Employees first spotted the bloodsucking pests Wednesday and since then workers have found dozens of them crawling on furniture and scaling the walls of the building at 200 N. Franklin St. in Hempstead Village, where more than 200 town employees work and where some 55,000 members of the public pass through annually, Clavin said.

“Do what's right,” he said at a news conference on Thursday, flanked by the town’s CSEA union president, Theresa Kohutka. “Shut the building down, get it rectified, get it clean, and let these hardworking men and women come to this building in a clean, safe environment.”

Clavin, a Republican, is challenging Democratic Supervisor Laura Gillen for her seat this fall.

Mike Fricchione, a spokesman for Gillen, said in a statement Thursday that exterminators treated the affected area of the building Wednesday night and would do so again Thursday night.
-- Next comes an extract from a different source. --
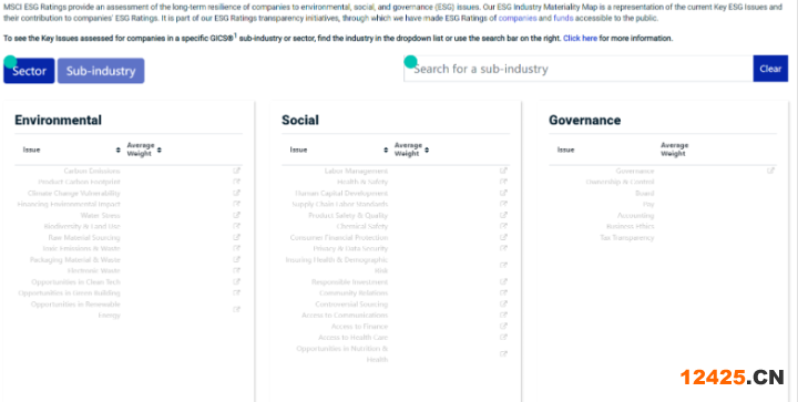 MSCI ESG評(píng)價(jià)體系為各行業(yè)(sector)選擇的關(guān)鍵議題

Andrew Mastromarino, deputy commissioner of the general services department, which oversees the building’s operations, contradicted Fricchione’s account, saying: “There was no spraying Wednesday night,” and the first treatment would be done Thursday.

Fricchione accused Clavin of politicizing the infestation.

“This is not the first time departments, including the Tax Receiver's Office, have been notified of an isolated report of bedbugs in an office space, so it’s curious why the Tax Receiver would this time request that the entire building be shut down,” Fricchione said. “This administration does not believe in scaring the public and will continue following all appropriate protocols and procedures relating to bedbugs.”

Bedbugs are brown, apple-seed sized critters that feed on sleeping humans and other animals, according to the U.S. Environmental Protection Agency. They are hard to eradicate — capable of surviving in low temperatures and without food for long periods. A female bedbug can lay multiple eggs per day, according to the federal agency.

Clavin and Kohutka criticized the town administration for not clearly communicating with employees about the problem or what it is doing to solve it.

“That's all we ask: just a little bit of communication and a little bit of action,” Kohutka said. “There's absolutely none going on at the moment.”
Fricchione said town officials had discussed the situation and treatment plan with union leaders and department heads.

The infested building houses town departments including parks, public safety, economic development and the tax receiver's office.